The National Inventory of Architectural Heritage describes it as a Board of First Fruits-style Gothic-style church erected c. 1780.

==== Church of the Immaculate Conception, Eadestown (Roman Catholic) ====

The National Inventory of Architectural Heritage describes this as a five-bay single storey Gothic-style church, constructed between 1820 and 1860 and extended in 1880. The Chapel is marked on a Longfield map of August 1823.

==== The village ====

A Royal Irish Constabulary Barracks marked on the southern edge of the village on the First Edition Ordnance Survey map is recorded in the Primary Valuations but not marked as a barracks on the 25 inch Ordnance Survey map. The building survives in ruined form. A mill marked on Alexander Taylor's map of 1783 is marked on the First Edition Ordnance Survey map as a corn mill, 300 metres north of the motte on the Hartwell River. The buildings are not marked as a mill on the 25 Inch Ordnance Survey, but survive today in partial form.

=== Landholding ===
In 1853 the Marquess of Downshire held the townlands of Blackhall, Crosscoolharbour, Newtown Great, Newtown Little, Newtownpark, Segravescastle and Walshestown. Kenelm Henry Digby held Caureen, Greenmount, Hempstown Commons, Philipstown, Pipershall, Punchestown, Punchestown Upper, Redbog, Slatequarries and Wolfestown, with lands in Eadestown and Rathmore West. Lady Henrietta Geary and Francis Geary held what had been the lands of the Nevills of Furness, in Furryhill, Punchestown Lower, Rathmore East and part of Rathmore West. William Cogan of Tinode held lands in Athgarret and leased Hempstown Commons from Digby. The Representatives of Colonel Southwell held Eadestown and Rathmore West, while Edward Tickell held Newtown, Nunsland and Punchestown Little.

== Education ==

=== Rathmore N.S., Scoil Chéile Chríst ===
The local primary school is Rathmore National School, Scoil Chéile Chríst and it is situated 1 mile west of the village. Opened in 1837, it remained on the same site until 2005, when a new purpose built facility was provided adjacent to the original school site. Today the school has 12 class and 4 learning support teachers on staff. The principal is Mr. Robbie Jameson.

== Recreation ==

=== Rathmore Hall ===
Opened in 1992 by then Irish President Mrs. Mary Robinson, Rathmore Hall (also known as Rathmore Community Centre) is a focal point for the community. The funds to build the hall were raised almost entirely by the local community.

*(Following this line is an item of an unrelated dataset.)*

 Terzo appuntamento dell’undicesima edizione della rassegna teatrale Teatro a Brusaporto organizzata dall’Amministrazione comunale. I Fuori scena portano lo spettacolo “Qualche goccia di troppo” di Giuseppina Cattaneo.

The Hall provides facilities for a wide range of activities for all age groups. The sports of Bowls, Badminton, Karate are well catered for as is Ballet, Hip Hop, Dance, Drama, Art and Yoga.

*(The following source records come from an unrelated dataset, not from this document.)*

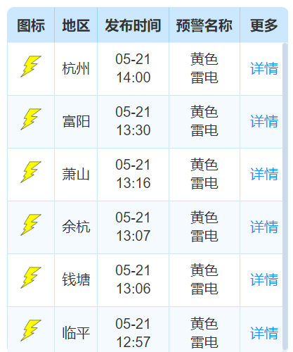 杭州多地發佈雷電黃色預警:
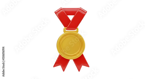 Create a Gold Medal with Red Ribbon, Transparent Background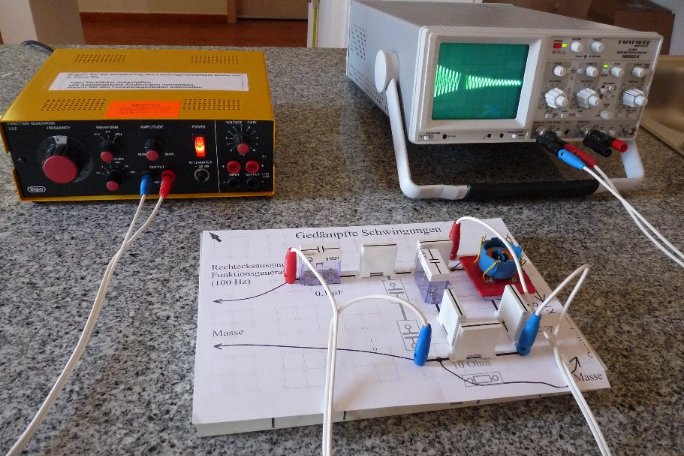 zur Erzeugung gedämpfter Schwingungen; Funktionsgenerator und Oszilloskop können durch ein Messinterface (z.B: FORPHYS mit AVISE) bzw. die Soundkarte des PCs ersetzt werden |

A community cafe takes place on the second Wednesday morning every month to bring together local senior citizens. The goal is to ensure that locals living alone have an opportunity to meet one another.

==Wanderer==
In 1855, racehorse trainer, John Hanlon prepared two horses at Punchestown House, situated in Punchestown Upper for the Grand National. He rode one of them, Wanderer himself, winning the race at 25/1.